NNiT: Width-Agnostic Neural Network Generation with Structurally Aligned Weight Spaces
arXiv:2603.00180v1 Announce Type: new Abstract: Generative modeling of neural network parameters is often tied to architectures because standard parameter representations rely on known weight-matrix dimensions. Generation is further complicated by permutation symmetries that allow networks to model similar input-output functions while having widely different, unaligned parameterizations. In this work, we introduce Neural Network Diffusion Transformers (NNiTs), which generate weights in a width-agnostic manner by tokenizing weight matrices into patches and modeling them as locally structured fields. We establish that Graph HyperNetworks (GHNs) with a convolutional neural network (CNN) decoder structurally align the weight space, creating the local correlation necessary for patch-based processing. Focusing on MLPs, where permutation symmetry is especially apparent, NNiT generates fully functional networks across a range of architectures. Our approach jointly models discrete architecture
arXiv:2603.00180v1 Announce Type: new Abstract: Generative modeling of neural network parameters is often tied to architectures because standard parameter representations rely on known weight-matrix dimensions. Generation is further complicated by permutation symmetries that allow networks to model similar input-output functions while having widely different, unaligned parameterizations. In this work, we introduce Neural Network Diffusion Transformers (NNiTs), which generate weights in a width-agnostic manner by tokenizing weight matrices into patches and modeling them as locally structured fields. We establish that Graph HyperNetworks (GHNs) with a convolutional neural network (CNN) decoder structurally align the weight space, creating the local correlation necessary for patch-based processing. Focusing on MLPs, where permutation symmetry is especially apparent, NNiT generates fully functional networks across a range of architectures. Our approach jointly models discrete architecture tokens and continuous weight patches within a single sequence model. On ManiSkill3 robotics tasks, NNiT achieves >85% success on architecture topologies unseen during training, while baseline approaches fail to generalize.
Executive Summary
This article introduces Neural Network Diffusion Transformers (NNiT), a novel approach to generative modeling of neural network parameters. NNIiT tokenizes weight matrices into patches and models them as locally structured fields, allowing for width-agnostic generation of weights. This approach is demonstrated to be effective on ManiSkill3 robotics tasks, achieving >85% success on unseen architecture topologies. The method jointly models discrete architecture tokens and continuous weight patches within a single sequence model, leveraging Graph HyperNetworks with a convolutional neural network (CNN) decoder to structurally align the weight space. NNIiT has significant implications for the field of neural network generation, enabling the creation of fully functional networks across a range of architectures.
Key Points
- ▸ Introduces Neural Network Diffusion Transformers (NNiT) for width-agnostic neural network generation
- ▸ Tokenizes weight matrices into patches and models them as locally structured fields
- ▸ Effectively generates weights across a range of architectures, including unseen topologies
Merits
Structural alignment of weight space
NNiT's use of Graph HyperNetworks with a CNN decoder enables the creation of locally correlated weight patches, facilitating patch-based processing.
Width-agnostic generation
NNiT's approach allows for the generation of weights in a width-agnostic manner, independent of known weight-matrix dimensions.

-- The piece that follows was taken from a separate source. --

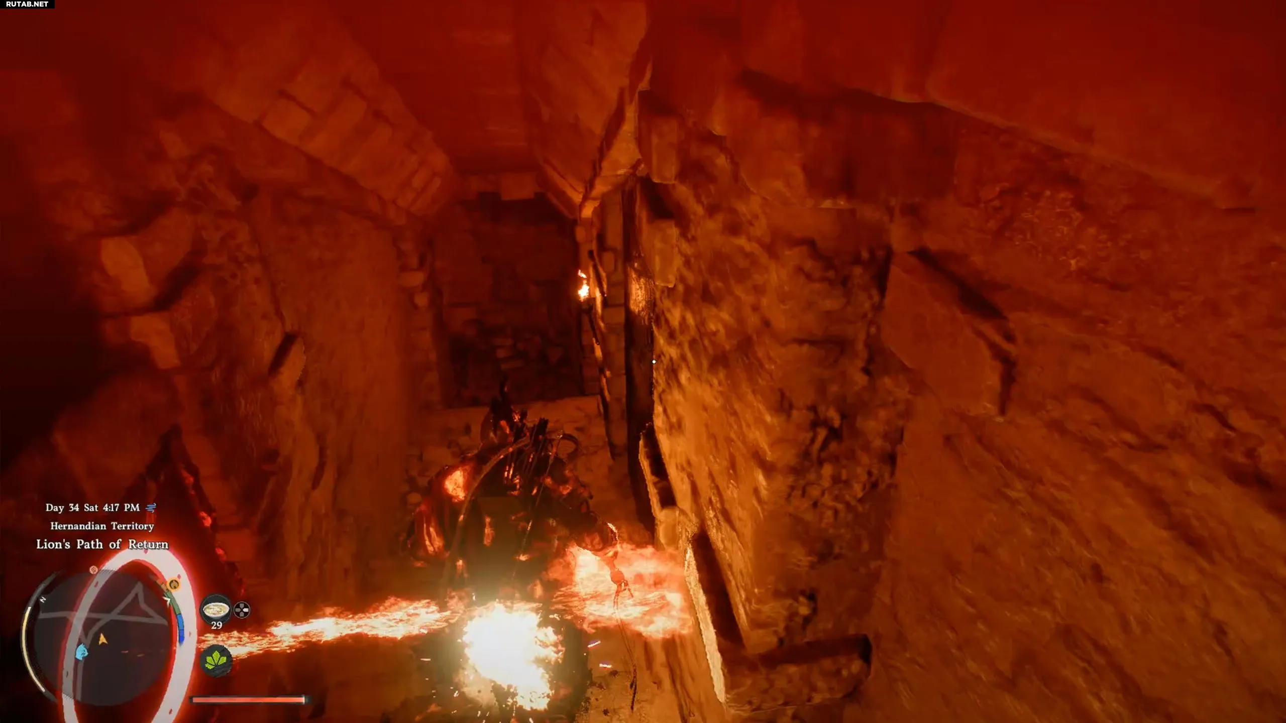 Продвигайтесь вперед, минуя огненные ловушки, и вы попадете в комнату, охраняемую парой врагов Бисмут. Расправьтесь с ними, чтобы собрать руду Бисмута и взять ближайшие пилюли Палмар с алтаря.

Effective generalization to unseen topologies
NNiT achieves >85% success on ManiSkill3 robotics tasks with unseen architecture topologies, demonstrating its ability to generalize effectively.
Demerits
Complexity of the model
NNiT's architecture is complex, consisting of Graph HyperNetworks and a CNN decoder, which may be challenging to implement and optimize.
Limited evaluation on diverse tasks
The article primarily focuses on ManiSkill3 robotics tasks and may not have been extensively evaluated on diverse tasks or datasets.
Expert Commentary
While NNIiT is a groundbreaking approach to neural network generation, its practical implementation and optimization may be challenging. Moreover, the article primarily focuses on ManiSkill3 robotics tasks, and it is unclear whether NNIiT generalizes effectively to diverse tasks and datasets. Nevertheless, the method's potential to create fully functional networks across a range of architectures makes it an exciting development in the field. As the field of neural network generation continues to evolve, it will be essential to explore the limitations and applications of NNIiT in more depth.
Recommendations
- ✓ Further research is needed to optimize and implement NNIiT effectively, particularly in terms of its complexity and computational requirements.
- ✓ NNiT should be extensively evaluated on diverse tasks and datasets to assess its generalizability and robustness.